The embedding model (nomic-ai/nomic-embed-text-v1.5, truncated to 512-d) runs 100 % locally on CPU via fastembed or sentence-transformers.
Telemetry (SQLite)¶
~/.hydramem/metrics.db stores a events table with per-tool-call metrics. See telemetry.md.
Module Map¶
The codebase is organised around SOLID principles and a strict dependency hierarchy — arrows show allowed import direction (lower layers never import from higher ones).
hydramem/core/ ← zero dependencies (types, config, logging, tokens)
hydramem/llm/ ← depends on core/
hydramem/storage/ ← depends on core/
hydramem/ingest/ ← depends on core/, llm/, storage/
hydramem/verification/ ← depends on core/, llm/
hydramem/garden/ ← depends on core/, llm/, storage/, verification/
hydramem/search.py ← depends on core/, ingest/, storage/, verification/
hydramem/server.py ← depends on all of the above
Sub-package detail¶
hydramem/core/ — Domain primitives (SRP)¶
| Module | Responsibility |
|---|---|
types.py |
Pure dataclasses: Chunk, Entity, Relation |
config.py |
Config class + YAML/env resolution |
logging.py |
get_logger() factory |
tokens.py |
count_tokens() via tiktoken |
hydramem/llm/ — LLM provider abstraction (OCP + DIP)¶
| Module | Responsibility |
|---|---|
base.py |
LLMProvider Protocol — the DIP boundary |
ollama.py |
OllamaProvider — local inference |
openai.py |
OpenAIProvider — OpenAI API |
anthropic.py |
AnthropicProvider — Anthropic Claude API |
factory.py |
create_provider(), call_llm() — registry + singleton |
Adding a new LLM backend: create one file + add one entry to the registry. Zero other files change.

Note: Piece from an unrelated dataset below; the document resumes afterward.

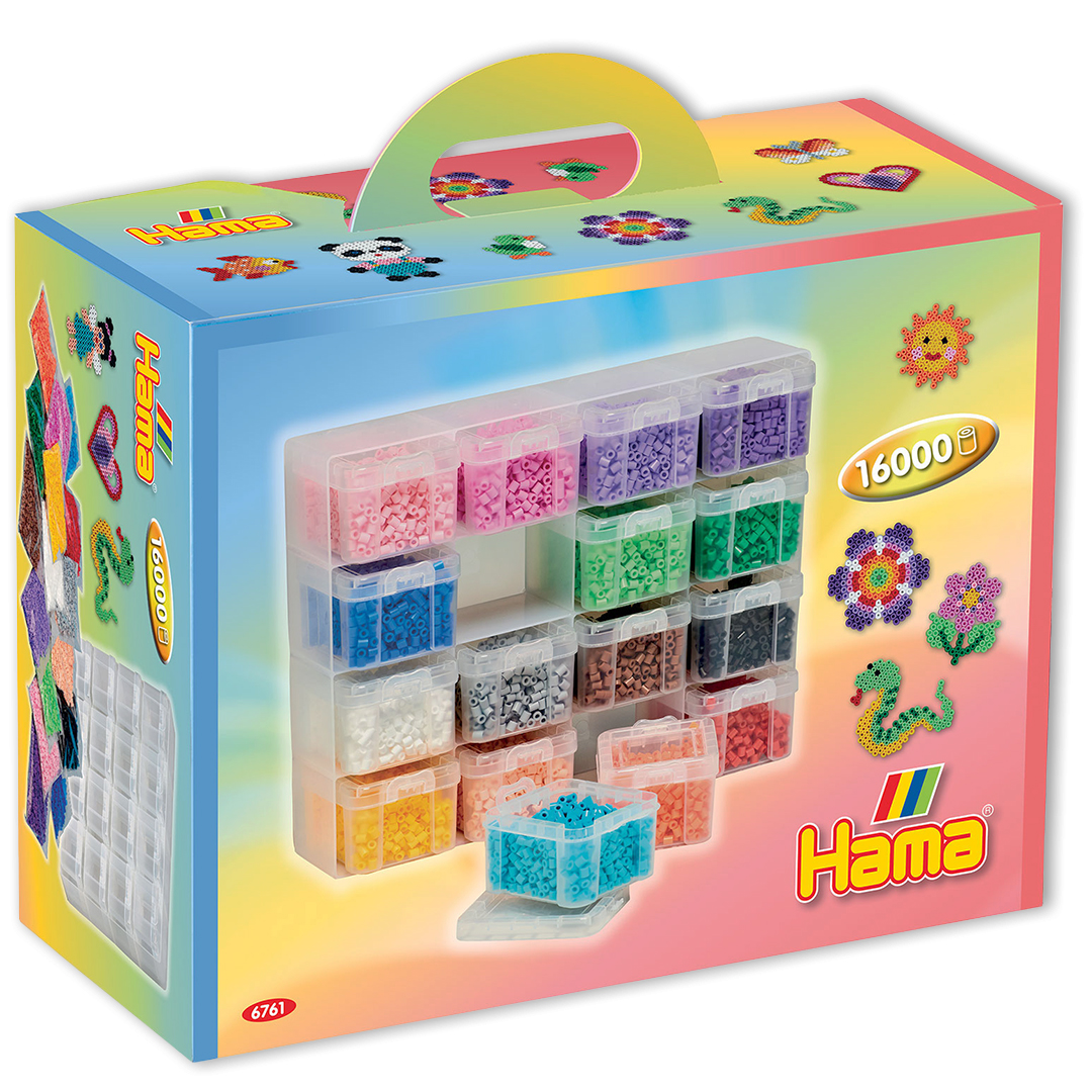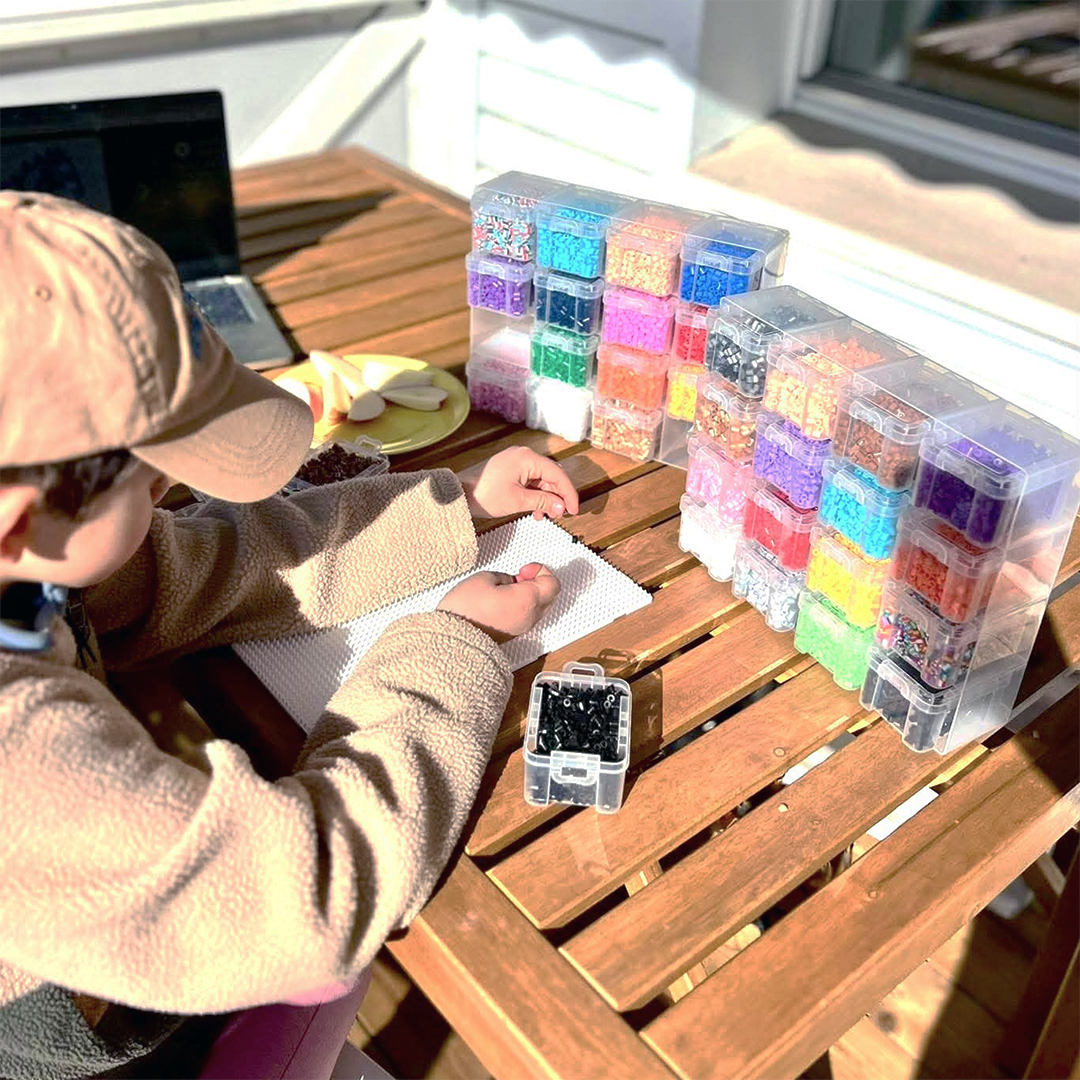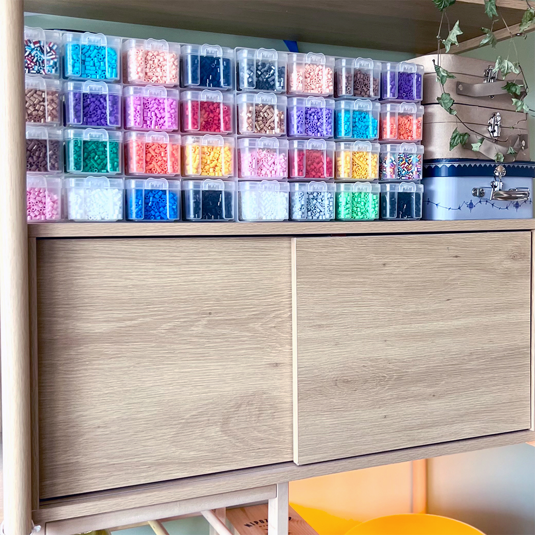 Oppbevaring til perler med 16 bokser og 16 poser med 1000 x perler.

hydramem/storage/ — Repository pattern (OCP + DIP + ISP)¶
| Module | Responsibility |
|---|---|
base.py |
GraphRepository + VectorRepository Protocols |
graph/networkx_repo.py |
NetworkX in-memory graph (always available) |
graph/ladybug_repo.py |
LadybugDB / Kuzu persistent graph |
vector/lancedb_repo.py |
LanceDB persistent vector index |
vector/memory_repo.py |
In-memory cosine-similarity fallback |
factory.py |
KnowledgeStore facade + create_store() / get_store() |
KnowledgeStore composes one GraphRepository and one VectorRepository. Callers depend only on KnowledgeStore — never on concrete backends (DIP + ISP).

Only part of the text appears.